◆ Aim of the exercise
From the first line down to the one containing "靈沙特阿拉伯展館感來自于沙漠", reproduce the entries below exactly and leave out the pictures.

[[ Record set, beginning ]]

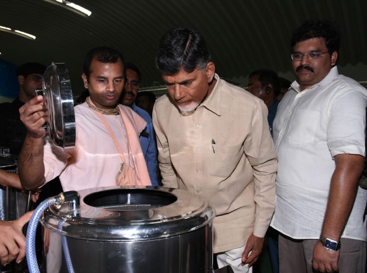 Andhra Pradesh Chief Minister N. Chandrababu Naidu inagurating Akshaya Patra Centralised Kitchen at Gollapudi, Krishna District on 11th August 2016.
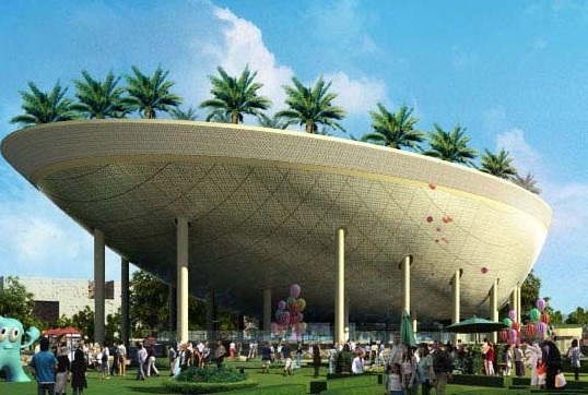 靈沙特阿拉伯展館感來自于沙漠中的綠洲,主體建筑更像一艘高懸于空中的大船,底部和甲板種滿了沙特標(biāo)志性植物:棗椰樹。
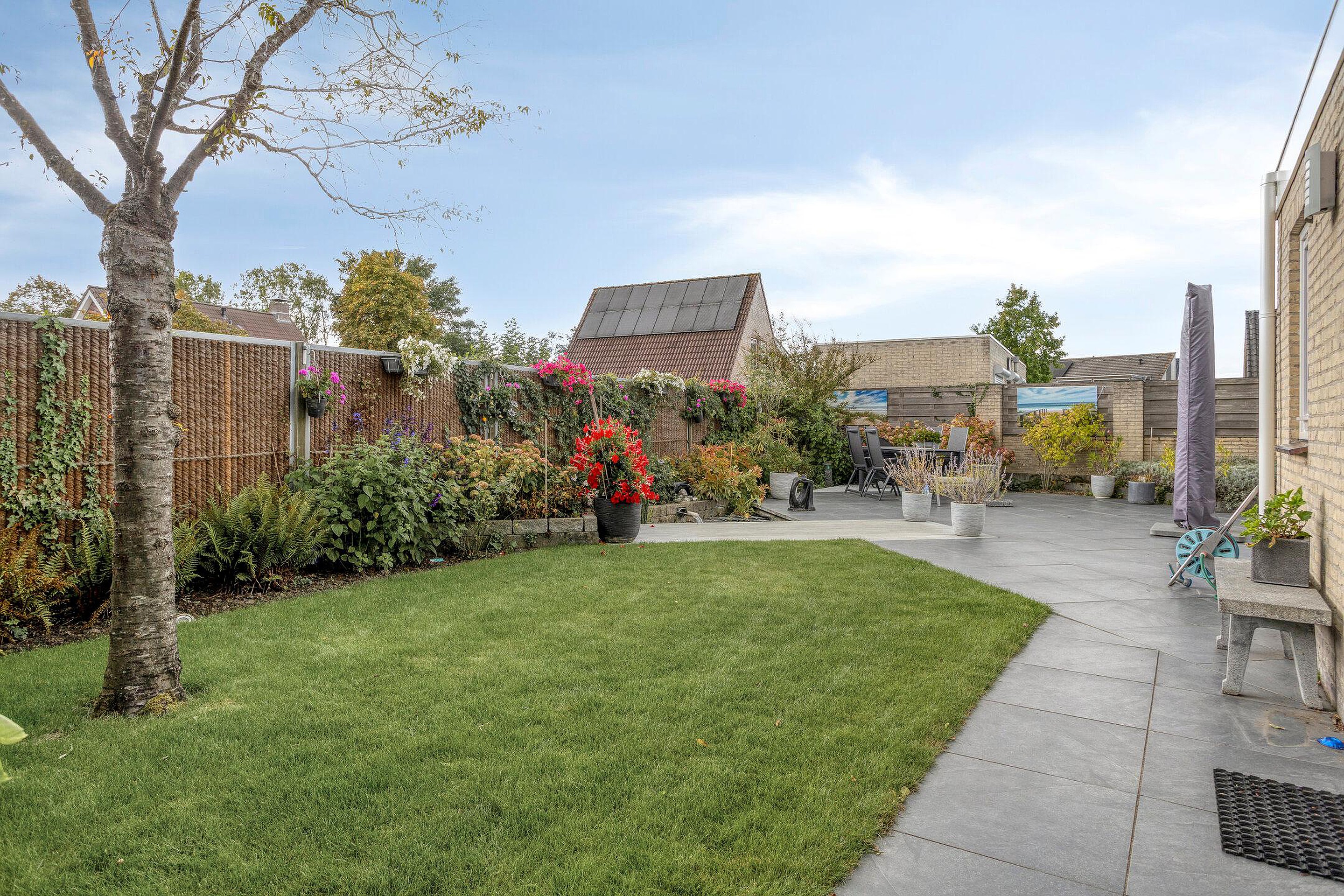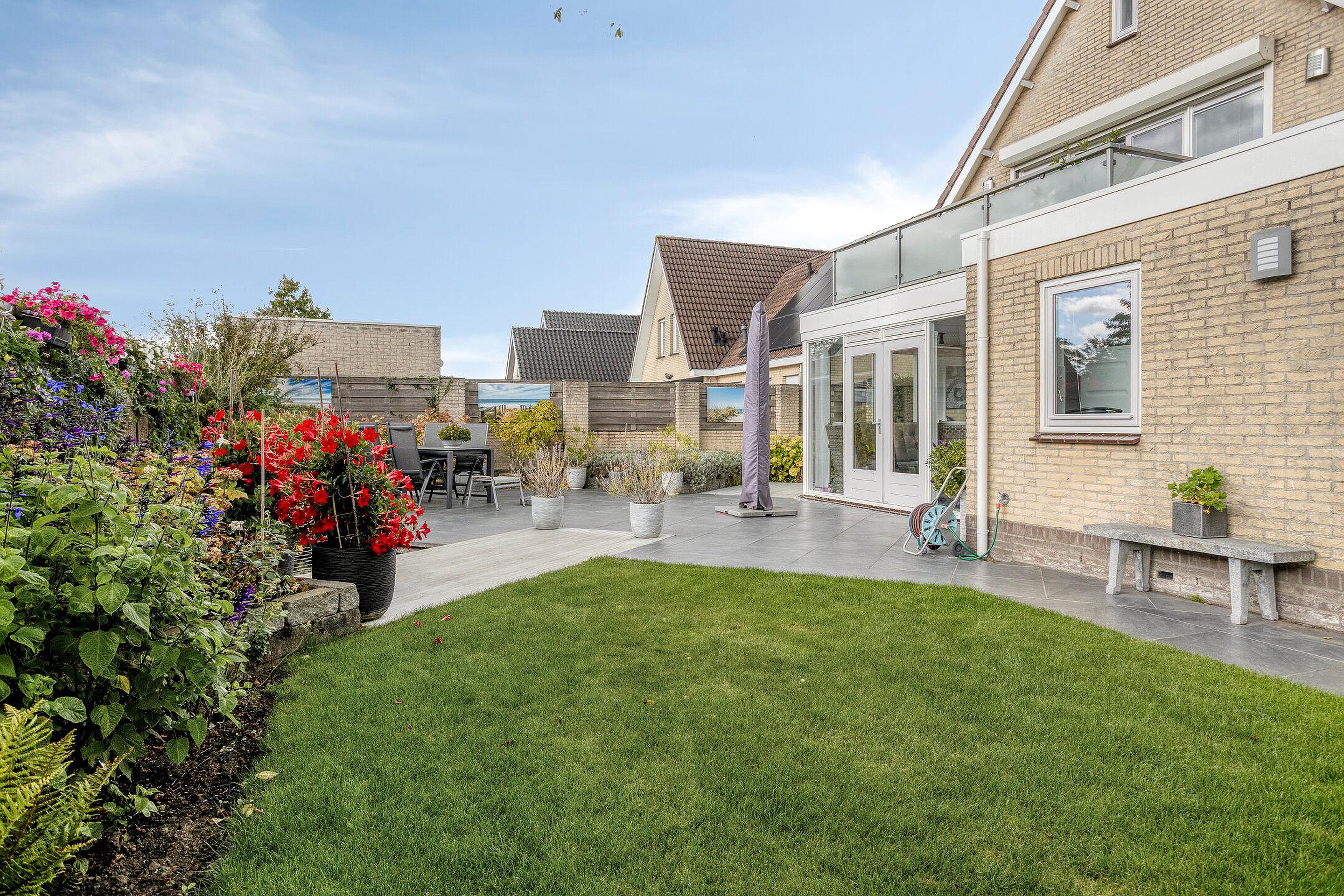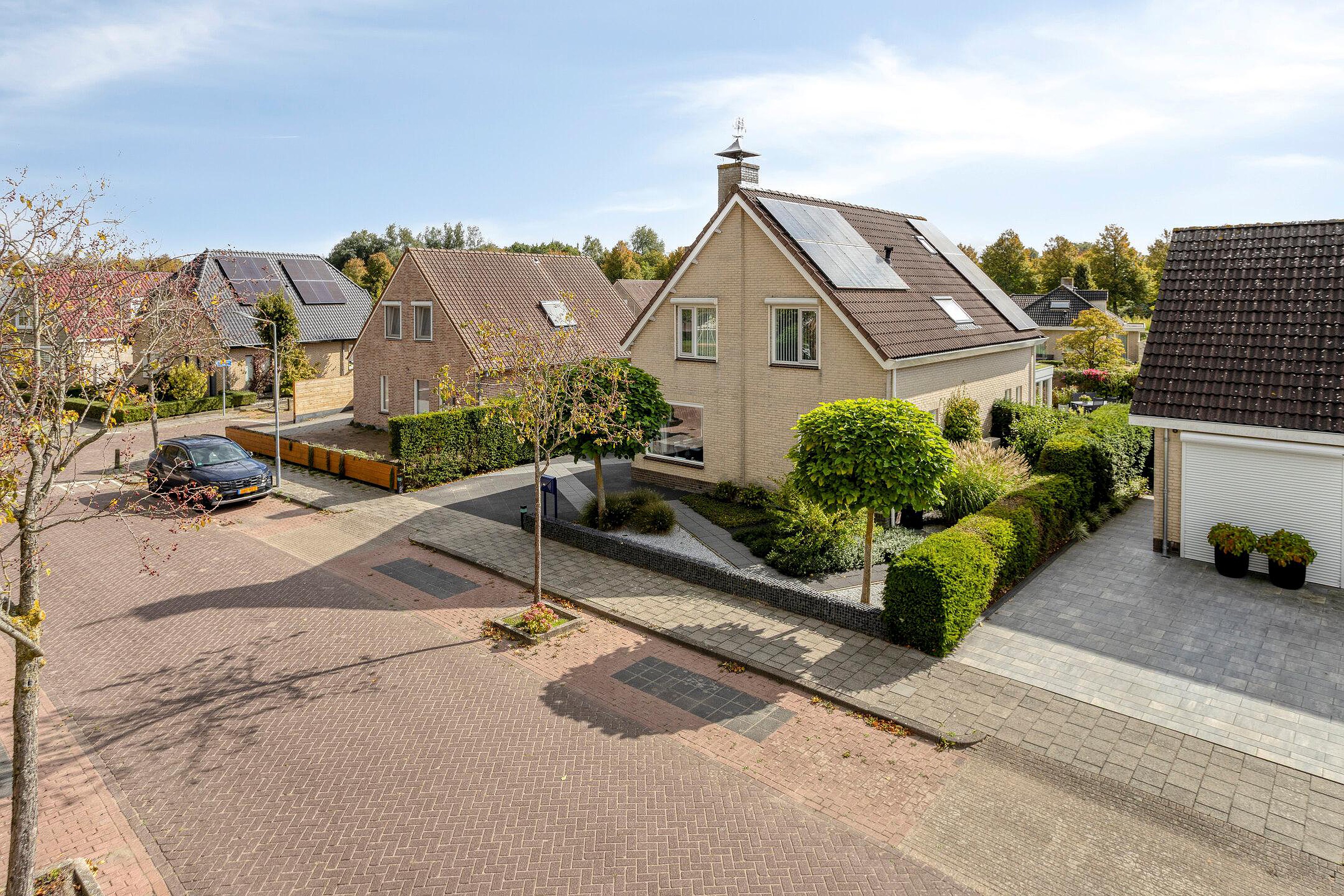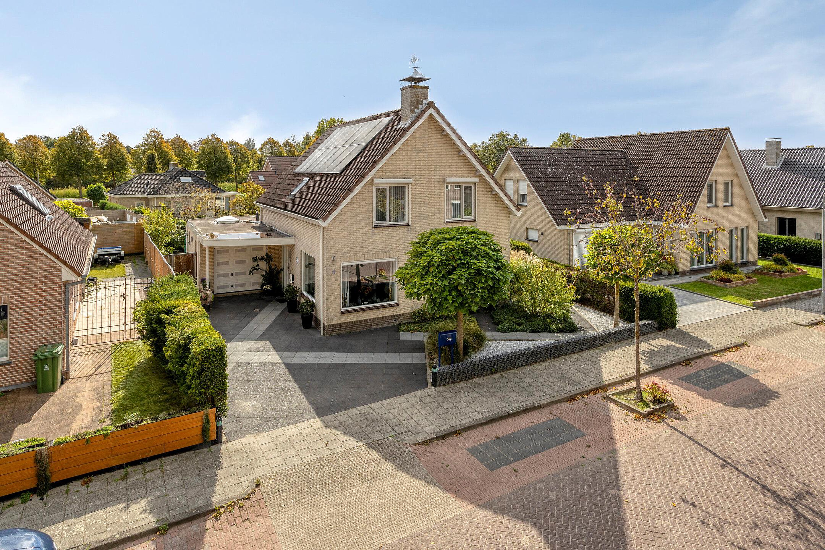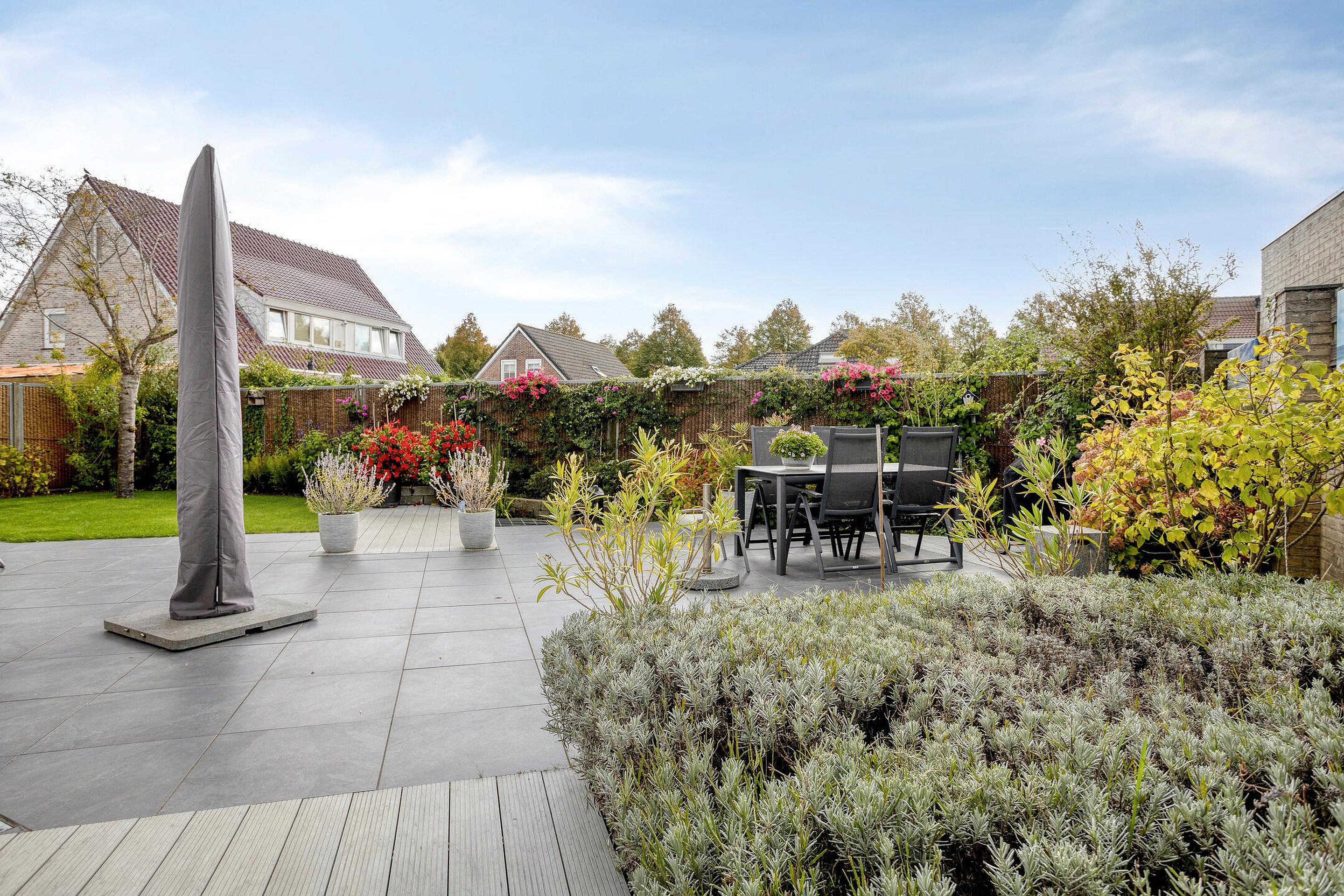 De fraai aangelegde tuin rondom de woning is een heerlijke plek om te ontspannen. Dankzij de gunstige ligging op het zuiden geniet u hier de hele dag van de zon. De vijver en het terras maken de tuin extra sfeervol: een plek waar u in alle rust gezellig samenkomt met familie en/of vrienden. De garage beschikt over een loopdeur naar de tuin en aan de voorzijde is een overkapping aanwezig. De oprit met elektrische laadpaal biedt ruimte voor het parkeren van een auto op eigen terrein.
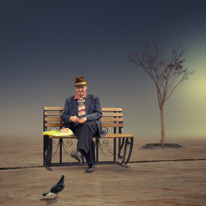 dove, bench, man, old, food, tree, grass, nature, Caras Ionut
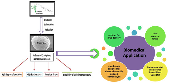 Cellulose still requires much more exploration in material science and biomedical engineering [44]. Cellulose beads have been documented as absorbent materials for various purposes, such as the elimination of metals [45], dyes [46,47], and procedures related to blood [48,49,50,51]. Hemocompatibility stands out as a crucial characteristic for materials intended for blood contact. Interactions between blood and materials trigger the initiation of blood cascades, including coagulation and the complement system. Additionally, this interaction leads to the activation of platelets and leukocytes [52]. To avoid triggering the coagulation cascade during blood-related procedures, patients are administered the anticoagulant heparin. Nonetheless, prolonged use of heparin may result in adverse effects such as hyperkalemia, thrombocytopenia, and osteoporosis [53]. To address challenges associated with the systemic application of heparin, efforts have been directed toward the creation of non-thrombogenicity materials. Various approaches have been suggested to impart anticoagulant characteristics to materials, including surface modifications using grafting of heparin-like molecules, anti-fouling agents, and heparin coatings [54,55]. Scholars have explored the integration of heparin-like structures into a diverse array of polymer materials, revealing that the presence of sulfate and sulfonate groups plays a role in influencing the anticoagulant activity of the material [56]. Sulfonated cellulose beads were created through the oxidation of Cladophora nano-cellulose to 2,3-dialdehyde cellulose, subsequently undergoing sulfonation through the use of bisulfite [57]. Nano-cellulose obtained from green algae of the Cladophora variety is an exceptionally versatile substance distinguished by a complex fibrous web structure, a notable specific surface area, heightened crystallinity, and remarkable rheological and mechanical characteristics [58]. The sulfonated Cladophora nano-cellulose beads exhibit characteristics that align with the properties illustrated in Figure 7. These attributes make them promising candidates for the creation of immunosorbent platforms, including applications in extracorporeal blood treatments. Furthermore, the inclusion of sulfonate groups in the polysaccharide chain has the potential to influence the thrombogenicity properties of Cladophora nano-cellulose [59]. The characteristics mentioned above have played a significant role in the advancement of materials based on Cladophora nano-cellulose for various biomedical purposes, as shown in Figure 7 below. These include the creation of drug delivery systems [60,61], as well as applications such as filters for removing viruses [62,63,64], membranes utilized for electrochemically-assisted hemodialysis [65,66,67], and DNA-immobilized immunosorbent membranes [68].

[[ Record set, end ]]

◆ Answer to the problem
 Andhra Pradesh Chief Minister N. Chandrababu Naidu inagurating Akshaya Patra Centralised Kitchen at Gollapudi, Krishna District on 11th August 2016.
 靈沙特阿拉伯展館感來自于沙漠中的綠洲,主體建筑更像一艘高懸于空中的大船,底部和甲板種滿了沙特標(biāo)志性植物:棗椰樹。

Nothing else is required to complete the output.